The ongoing wave of GDR citizens leaving for the West, and the expectations they had about enjoying the benefits of political freedom and economic consumption as soon as possible, increased the pressure on politicians. The West German government responded with an unusual centralization of the decision-making powers in the Federal Chancellery and the Ministry of the Interior (11). On July 1, 1990, the social and economic unification of East and West Germany took place; the favorable exchange rate (i.e., for the East German Mark) was politically motivated and economically difficult to sustain: 1:1 for wages and salaries, and 1:2 for financial assets. The political unification of the two German states followed on October 3, 1990. In the unification treaty, representatives of both German governments agreed to carry out the merger in accordance with Article 23 of the Basic Law. Whereas Article 146 would have offered an opportunity to build a republic on the basis of a new constitution, the chosen course allowed the former GDR to be incorporated into the existing Federal Republic. This entailed the transfer of West German institutions, symbols, and laws onto the former GDR (12). In the course of administrative restructuring, the five East German federal states that had been dissolved in 1952 were reconstituted (Mecklenburg-Vorpommern, Brandenburg, Saxony-Anhalt, Thuringia, and Saxony). The intention, at least, was to maintain continuity rather than introduce change. Many factors contributed to this tendency: real and perceived time pressures, insufficient planning for the eventuality of unification, but also the conviction that the West German political and economic system had proven itself (13).
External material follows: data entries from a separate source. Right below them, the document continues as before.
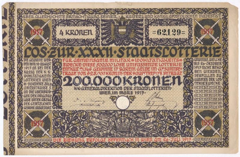 Ausztria / Bécs 1917. "XXXII. Staatslotterie" lottó sorsjegy... https://www.darabanth.com/hu/299-Gyorsarveres/299.0/Numizmatika/Reszvenyek-es-sorsjegyek~400005/Ausztria-Becs-1917-XXXII-Staatslotterie-lotto-sorsjegy-4K-ertekben-szarapecsettel-TII-~II1599477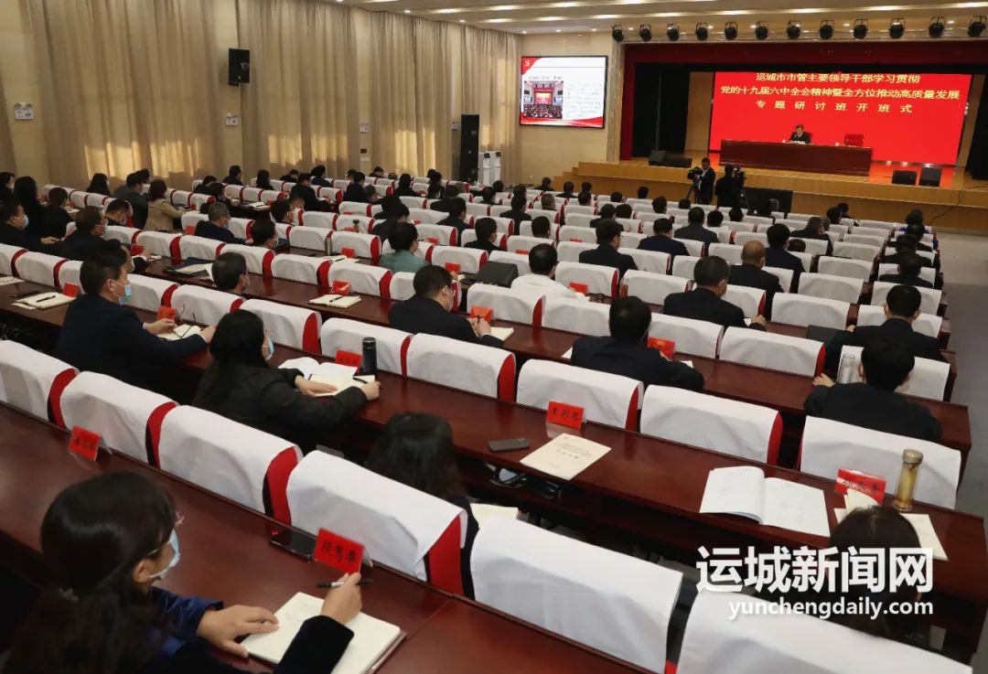 本报讯(记者 王文军)2月24日下午,市管主要领导干部学习贯彻党的十九届六中全会精神暨全方位推动高质量发展专题研讨班开班式在市委党校举行。市委书记丁小强出席开班式,并作开班辅导报告。他强调,要深入学习贯彻党的十九届六中全会精神和习近平总书记考察调研山西重要指示精神,弘扬伟大建党精神,牢记嘱托、感恩奋进,埋头苦干、砥砺前行,奋力拓展运城全方位推动高质量发展新局面,续写运城践行新时代中国特色社会主义新篇章,以优异成绩迎接党的二十大胜利召开。市委副书记、政法委书记王立刚主持开班式。市四大班子领导张润喜、陈杰、王志峰、李晓武、曹晓亮、赵晔等出席开班式。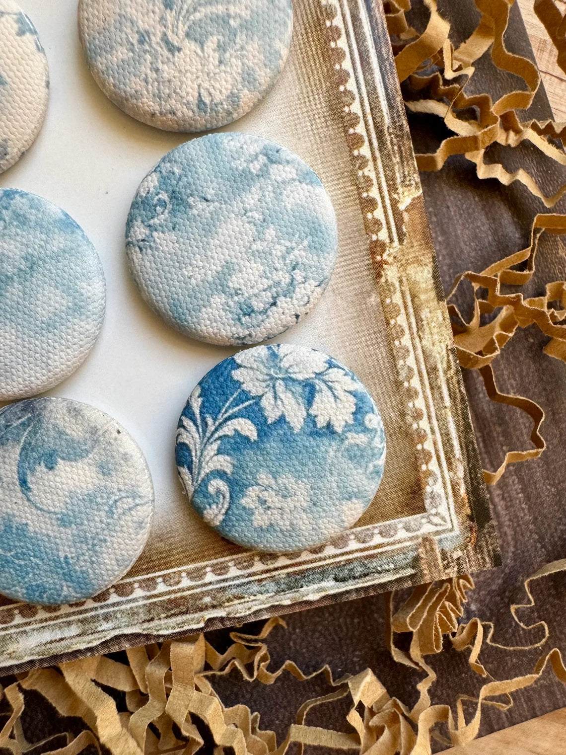 Vintage Blue Florals Canvas Flair Buttons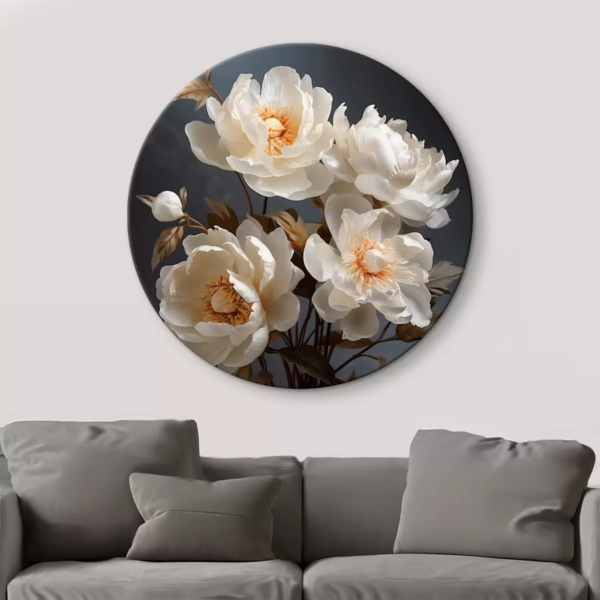 Ronde schilderijen Samenstelling van witte pioenen r43368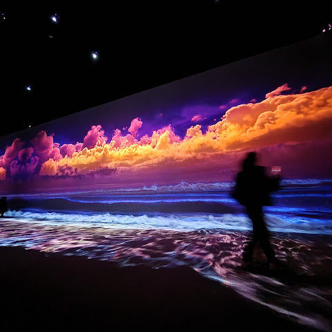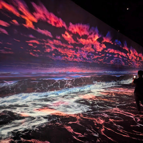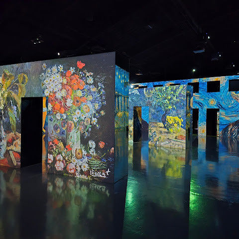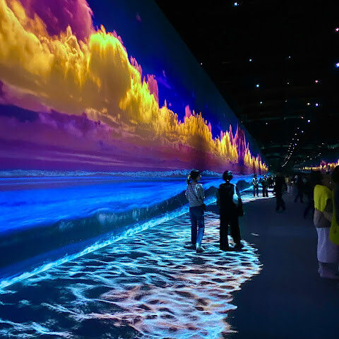 강력 추천합니다! 프로젝터를 통해 작품이 벽면에 투사됩니다. 총 10개의 전시/작품과 아트 카페(추천!), 그리고 아트 숍도 있습니다.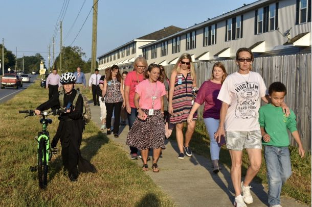 Faculty at Riverside Elementary School joined the school’s walkers on their trek to school Wednesday morning.Their efforts were part of National Walk to School Day.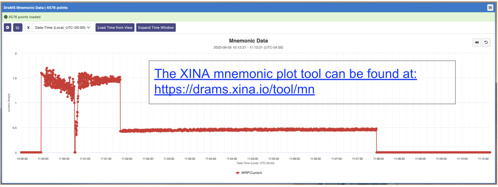 The Mnemonic Plot Tool is useful for looking at mnemonic data, like voltages and temperatures, over time.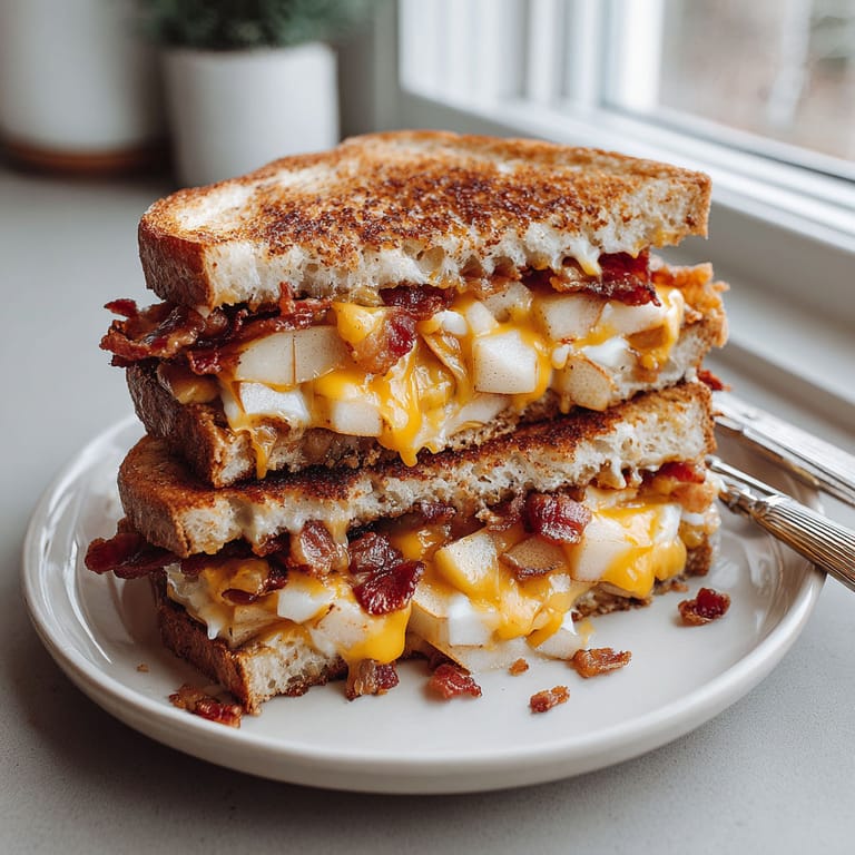 - Lift the sandwich from the pan and let it sit for a minute to set Slice in half with a sharp knife for those gorgeous cheesy layers Serve hot while the cheese is still silky and the apples have a slight crunch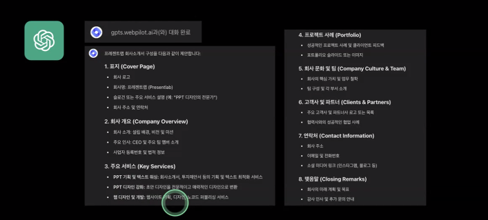ex) 프로젝트 기획 및 PPT 목차 구성.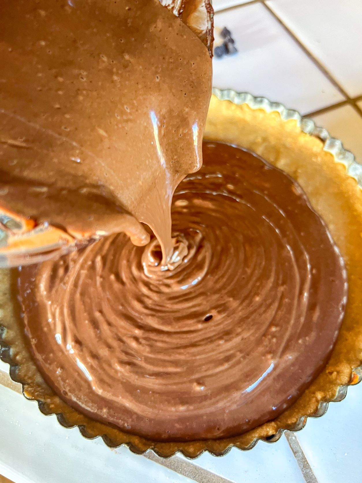- Transfer melted chocolate into the container of a blender. Add chocolate plant-based milk, almond butter, and silken tofu. Process until very smooth and creamy.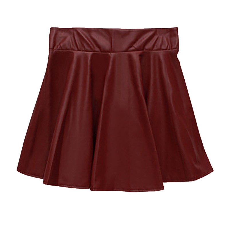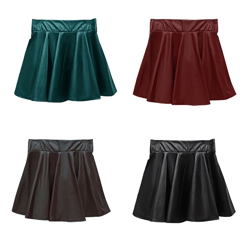 Women High Waist Faux Leather Flare Skirt Ladies Casual Solid Color Ruffled Miniskirt.

(11) Wolfgang Schäuble, Der Vertrag. Wie ich über die deutsche Einheit verhandelte. With an introduction by Dirk Koch and Klaus Wirtgen, eds. (Stuttgart, 1991); Horst Teltschik, 329 Tage. Innenansichten der Einigung (Berlin, 1991); Claus J. Duisberg, Das deutsche Jahr. Einblicke in die Wiedervereinigung1989/90 (Berlin, 2005).
(12) Wade Jacoby, Imitation and Politics: Redesigning Modern Germany (Ithaca, NY, and London, 2000).
(13) The following are representative of the abundant literature on the topic: Gerhard Lehmbruch, “Die deutsche Vereinigung: Strukturen und Strategien” Politische Vierteljahresschrift 32 (1991), pp. 585-604; Roland Czada, “Schleichweg in die ‘Dritte Republik’. Politik der Vereinigung und politischer Wandel in Deutschland,” Politische Vierteljahresschrift 35, 2 (1994), pp. 245-70.